No http hangs for several days! More results: {"ts":"2024-08-21T09:38:24Z","id":"DC5475EF52FC","up":true,"uptime":105267,"mqtt-up":21698,"mem":119324,"spi":2090196} {"ts":"2024-08-21T23:28:38Z","id":"DC5475EF52FC","up":true,"uptime":155080,"mqtt-up":71511,"mem":118760,"spi":2090196} {"ts":"2024-08-23T23:37:50Z","id":"DC5475EF52FC","up":true,"uptime":328430,"mqtt-up":244861,"mem":118676,"spi":2090040} {"ts":"2024-08-25T05:06:19Z","id":"DC5475EF52FC","up":true,"uptime":434538,"mqtt-up":350969} mem 113600+2090108 (for some reason, it's not now reporting "mem" in status.)

antwin avatar Aug 25 '24 05:08 antwin

MQTT is working fine.
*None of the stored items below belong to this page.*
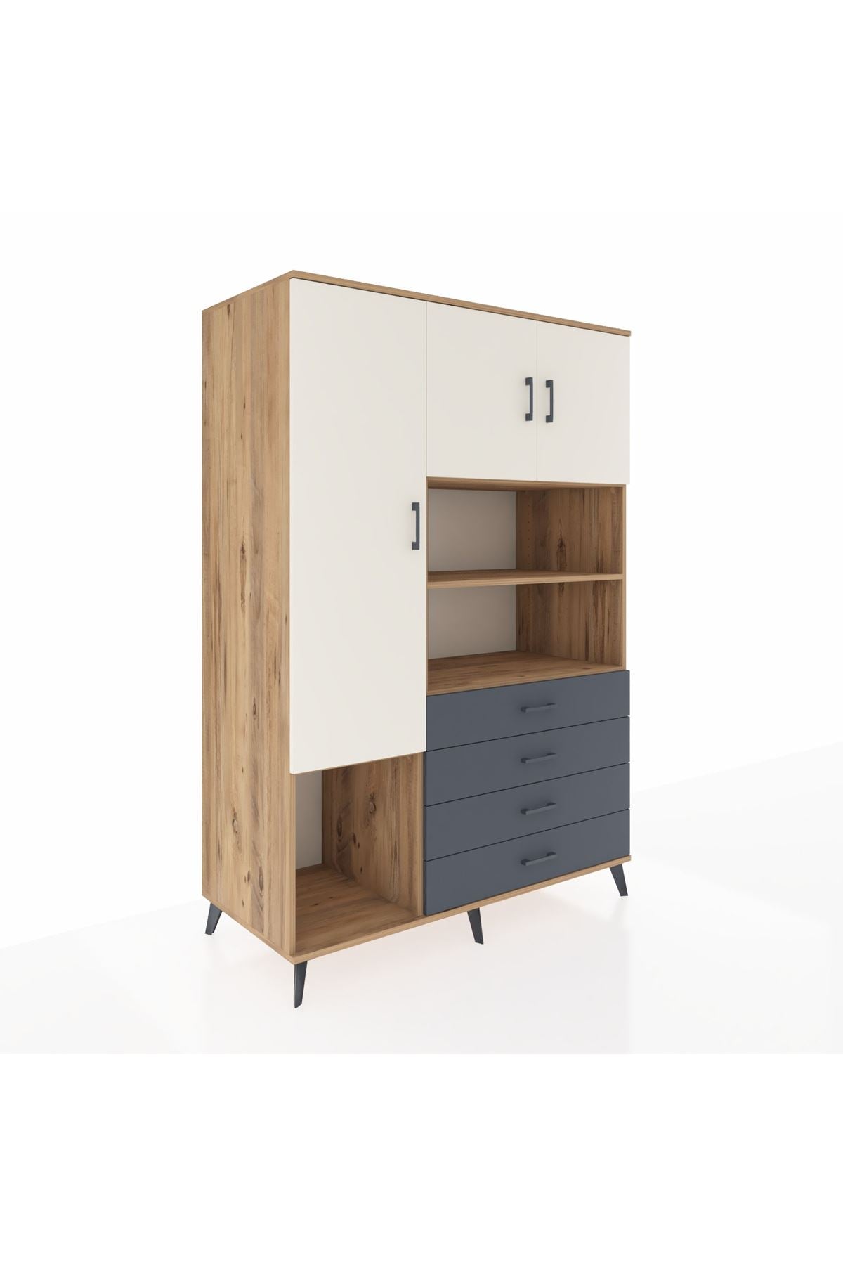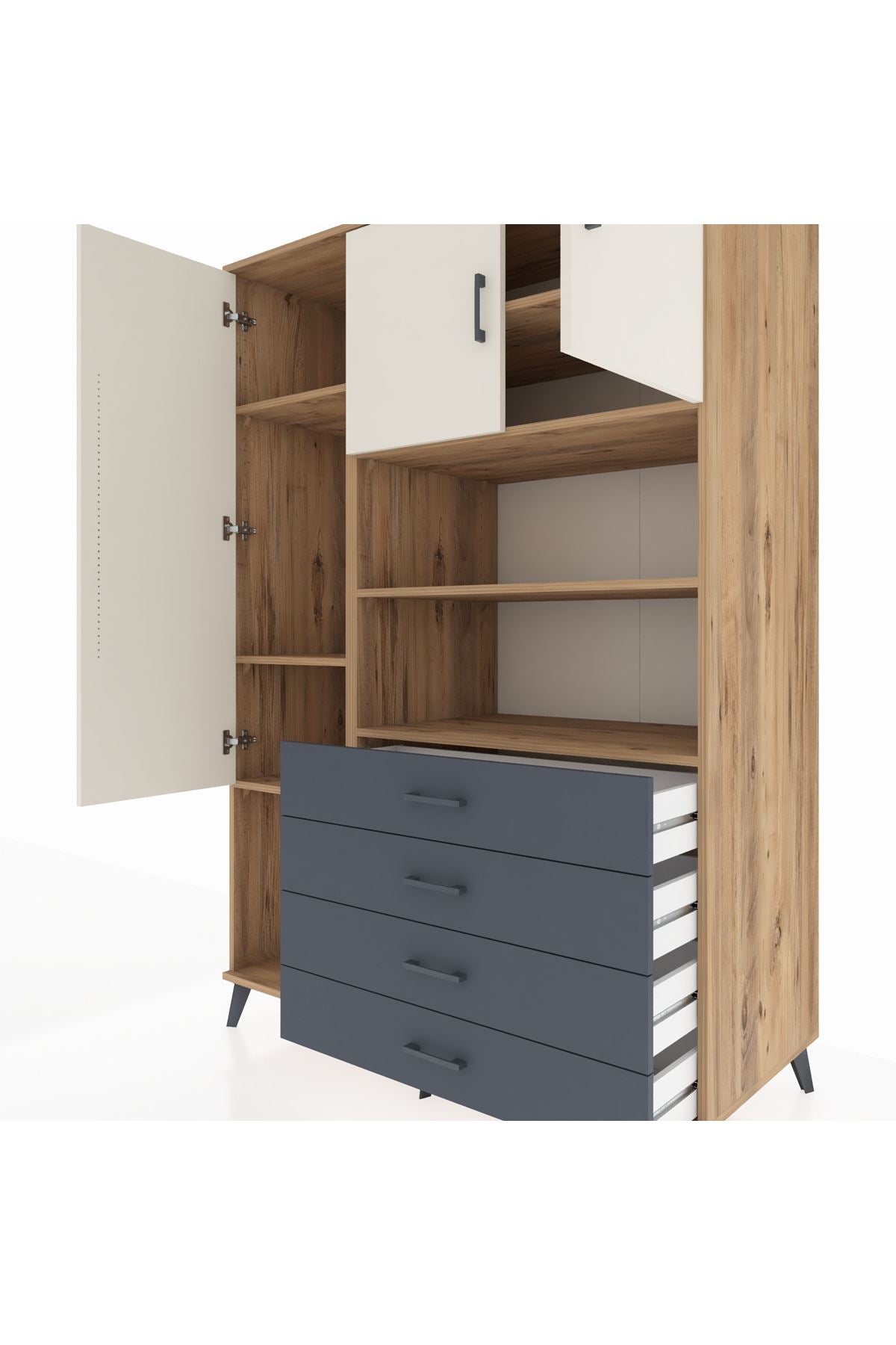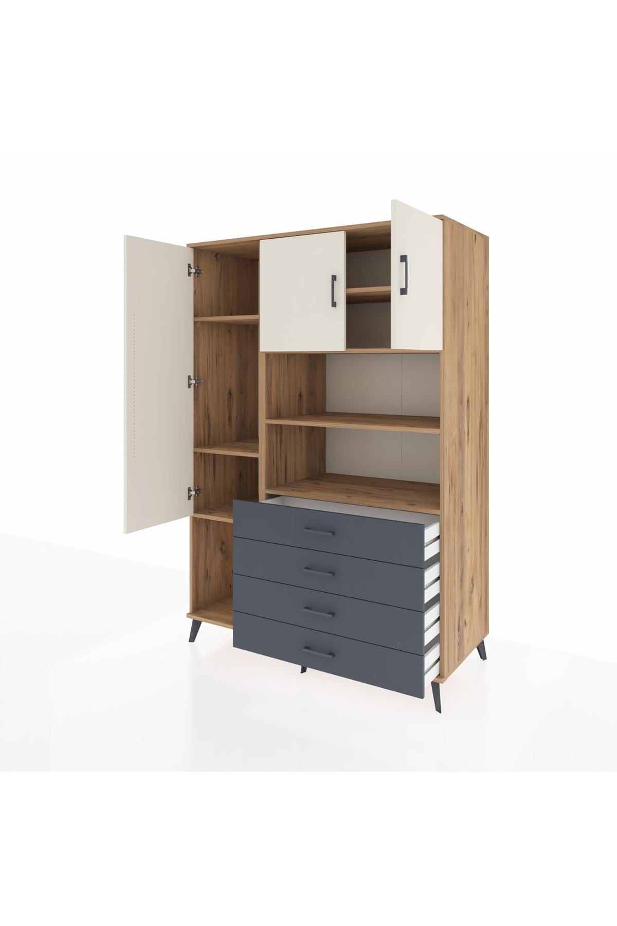 Kronos Dolap 7 Raflı 4 Çekmeceli 3 Kapaklı 132x59x195 Çam-Aytaşı/Antrasit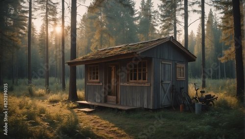 toolshed on a forest at sunset photo from Generative AI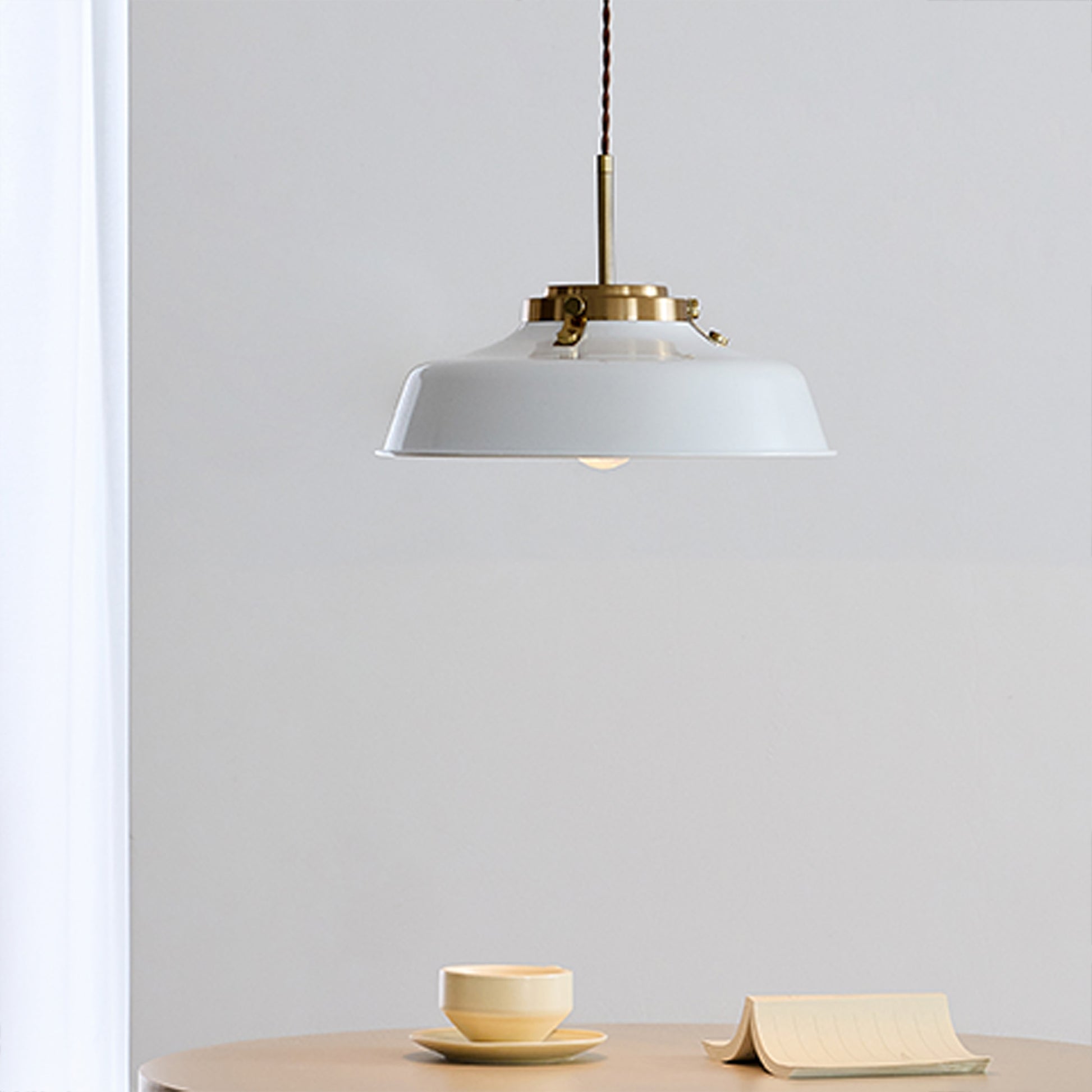 ノスタルジックなフォルムとヴィンテージ感のあるゴールドのアクセントが、昼は自然光で美しい陰影を、夜は柔らかな灯りで印象的に演出。インダストリアルなフォルムながらも洗練された優美さも感じさせ、日々の暮らしに調和と安らぎを与えてくれる照明です。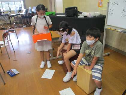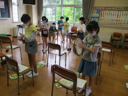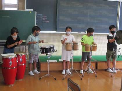 4年生の音楽の学習は、打楽器を使っての音楽作りをしています。新しく購入していただいた「カホン」という楽器やウッドブロック、ボンゴ等を使いながら、楽しい曲を作っていました。来週は、グループで曲を作ります。どんな曲ができるのか楽しみです。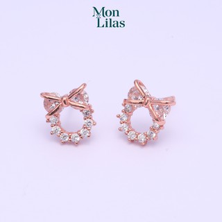 Bông tai bạc nữ Mon Lilas Mặt Nơ đính đá K122006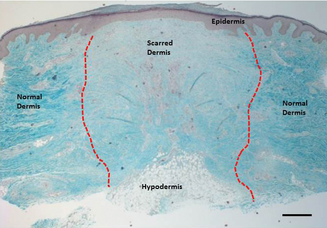 Figure 1: Histological section through a scar showing the thjree main layers of the skin. This Masson’s Trichrome stain depicts the three main layers of the skin - the epidermis, the dermis and the hypodermis. The blue staining highlights the collagen structure of the skin with the reddish purple staining showing epithelial, keratin and cellular stuctures. The hypodermis consists of subcutaneous adipose tissue with lipid accumulating round adipocytes (fat cells). The red dotted line shows the boundary between the dermal scar and normal dermis. Scale bar is 100μm.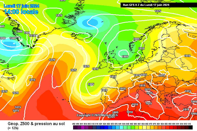 . Bas géopotentiels ouest Scandinavie / Hauts géopotentiel est Scandinavie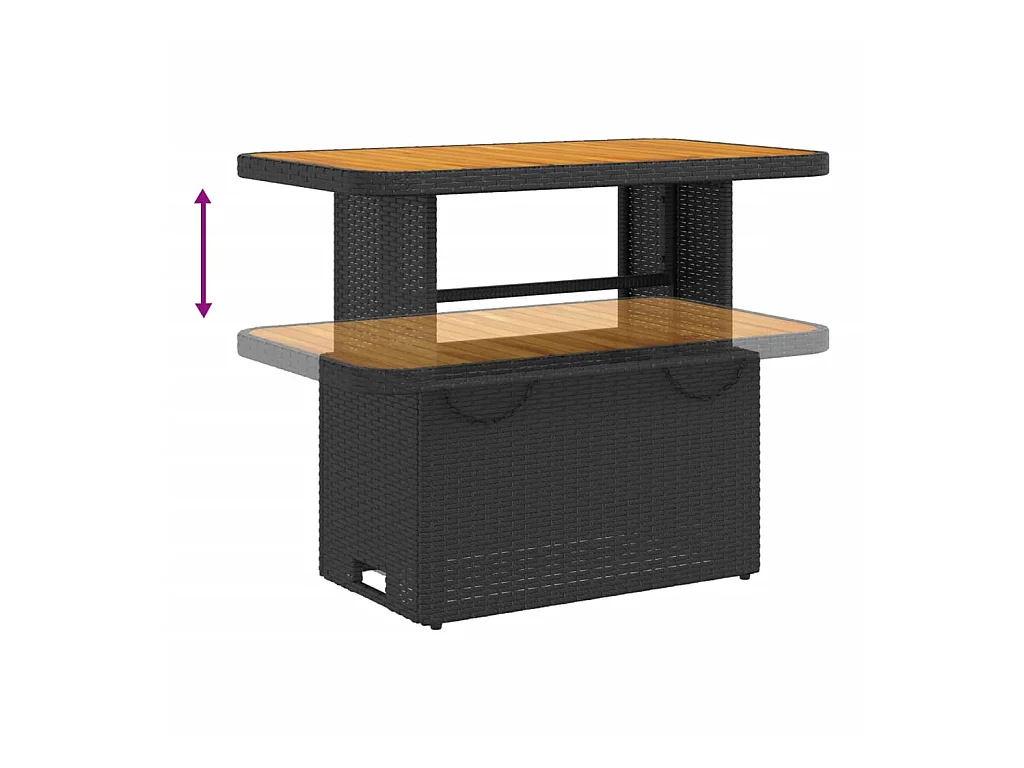 Table de jardin noir 90x55x71 cm résine tressée et bois acacia GHR25268

BUT although HTTP is working on one device I cannot connect on a second device. Current status: {"ts":"2024-08-27T22:42:04Z","id":"DC5475EF52FC","up":true,"uptime":670681,"mqtt-up":587112,"mem":109792,"spi":2089848}

antwin avatar Aug 27 '24 23:08 antwin

OK, that means it is not a memory leak. I'll have to look at number of TCP sockets or something.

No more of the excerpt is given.